▸ **DIRECTIONS**
Given the records underneath, please repeat exactly the lines from the line with "厅室2室2厅3卫2阳台" through the line with "向日的浆果ins小众森系绿色", passing over any picture.

▸ **RECORDS TO PROCESS**
■ ■ ■
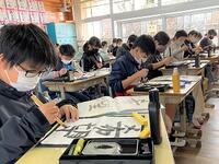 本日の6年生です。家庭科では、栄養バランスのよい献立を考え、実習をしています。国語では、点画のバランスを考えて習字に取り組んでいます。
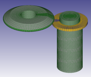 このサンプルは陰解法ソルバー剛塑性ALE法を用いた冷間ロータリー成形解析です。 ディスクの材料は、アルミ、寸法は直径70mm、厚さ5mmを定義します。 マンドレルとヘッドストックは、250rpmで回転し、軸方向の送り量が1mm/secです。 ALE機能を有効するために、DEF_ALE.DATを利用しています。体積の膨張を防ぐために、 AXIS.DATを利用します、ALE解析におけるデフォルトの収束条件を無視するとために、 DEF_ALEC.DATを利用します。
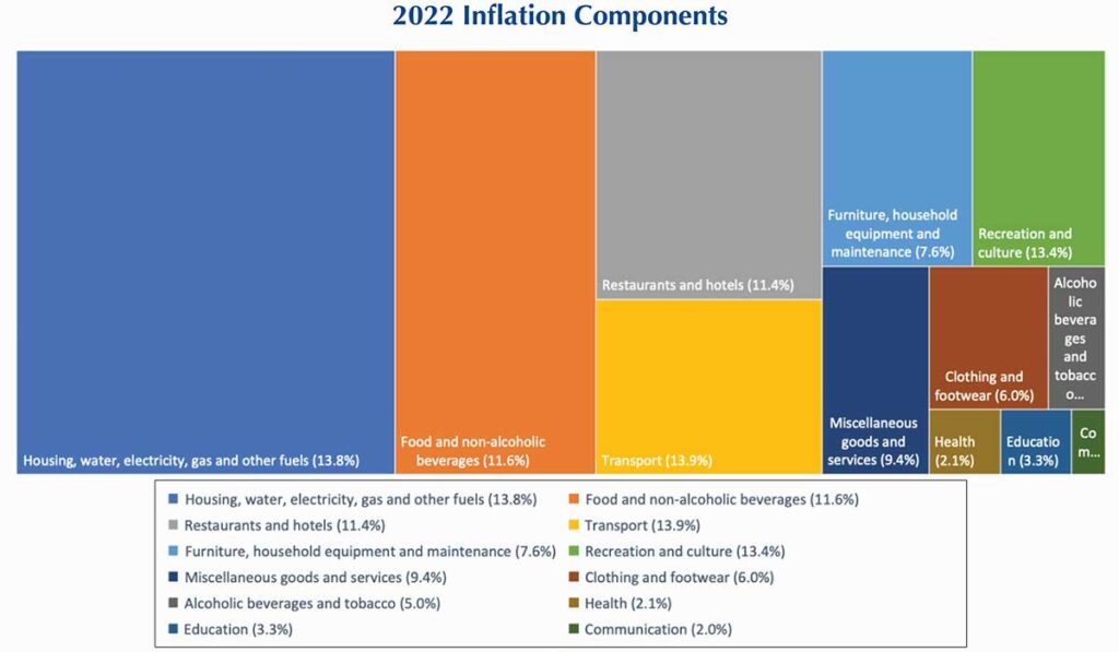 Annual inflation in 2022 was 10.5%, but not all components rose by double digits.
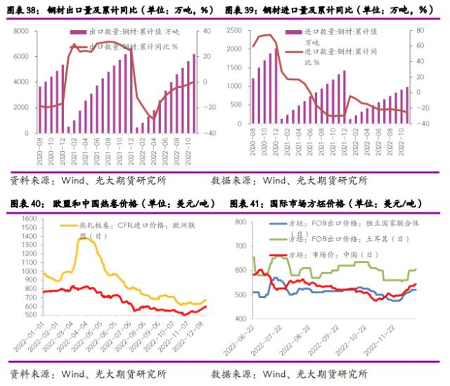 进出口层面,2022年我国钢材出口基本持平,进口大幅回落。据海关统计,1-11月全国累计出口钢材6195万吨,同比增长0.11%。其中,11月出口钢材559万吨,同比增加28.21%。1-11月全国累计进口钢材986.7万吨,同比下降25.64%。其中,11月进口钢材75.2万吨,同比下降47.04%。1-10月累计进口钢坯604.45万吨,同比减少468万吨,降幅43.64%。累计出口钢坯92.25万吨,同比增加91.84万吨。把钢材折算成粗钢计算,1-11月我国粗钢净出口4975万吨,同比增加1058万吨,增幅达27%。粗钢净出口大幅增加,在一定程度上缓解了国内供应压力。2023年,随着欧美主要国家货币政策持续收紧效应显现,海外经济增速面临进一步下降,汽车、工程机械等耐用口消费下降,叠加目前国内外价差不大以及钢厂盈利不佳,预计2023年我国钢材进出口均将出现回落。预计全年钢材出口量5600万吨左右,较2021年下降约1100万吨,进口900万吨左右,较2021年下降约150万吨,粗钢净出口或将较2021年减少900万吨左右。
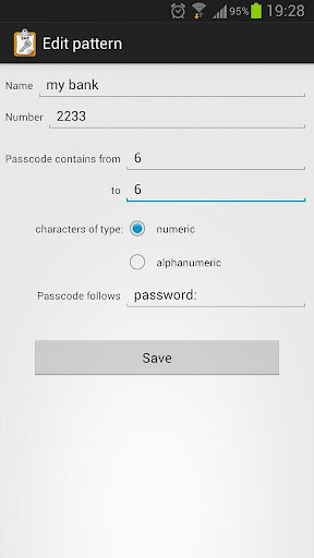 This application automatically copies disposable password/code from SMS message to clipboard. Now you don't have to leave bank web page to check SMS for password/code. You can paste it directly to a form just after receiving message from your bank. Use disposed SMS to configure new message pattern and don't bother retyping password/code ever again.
■ ■ ■
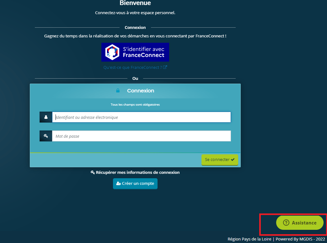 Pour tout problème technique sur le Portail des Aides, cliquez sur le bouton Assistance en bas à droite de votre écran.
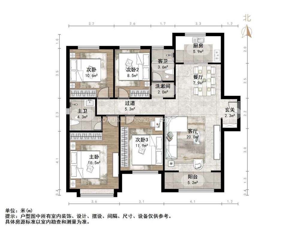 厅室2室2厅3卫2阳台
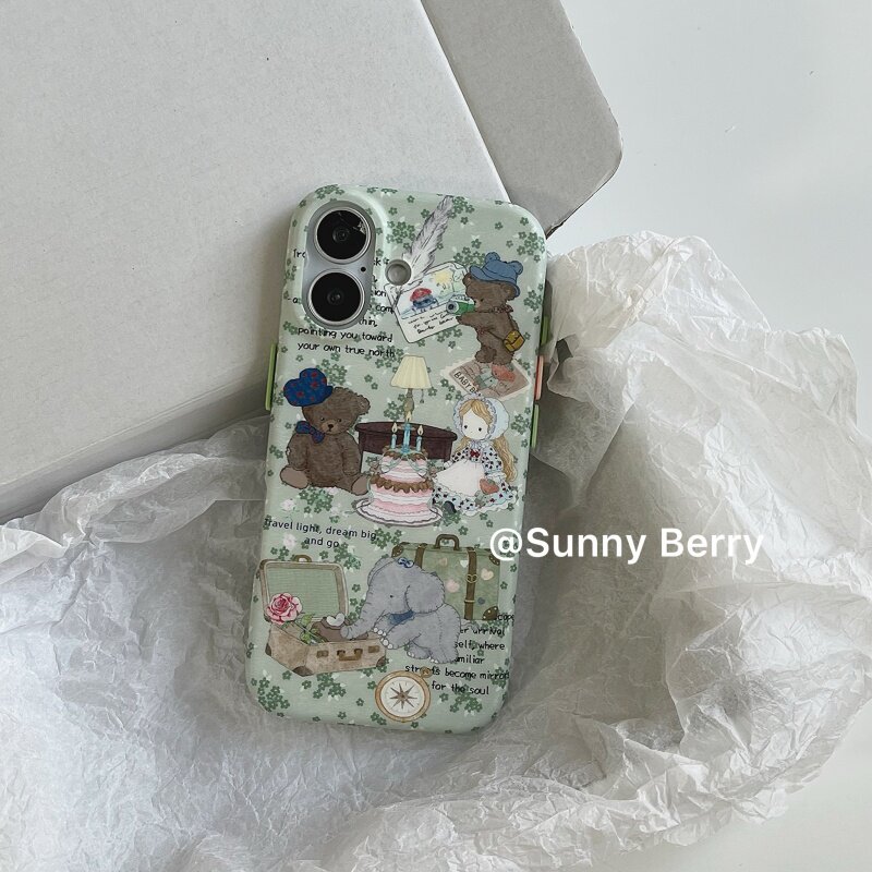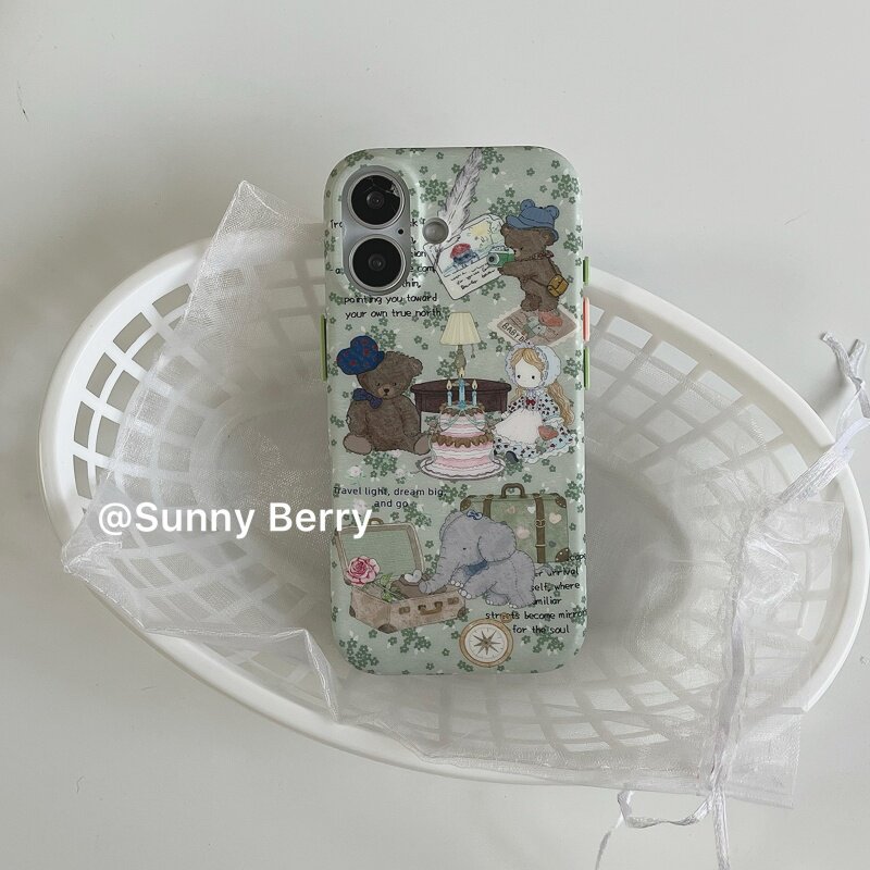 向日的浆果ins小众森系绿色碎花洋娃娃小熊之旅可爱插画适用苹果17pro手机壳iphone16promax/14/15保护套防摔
■ ■ ■
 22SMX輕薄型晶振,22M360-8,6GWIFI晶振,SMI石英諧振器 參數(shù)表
■ ■ ■
▸ **TASK SOLUTION**
 厅室2室2厅3卫2阳台
 向日的浆果ins小众森系绿色碎花洋娃娃小熊之旅可爱插画适用苹果17pro手机壳iphone16promax/14/15保护套防摔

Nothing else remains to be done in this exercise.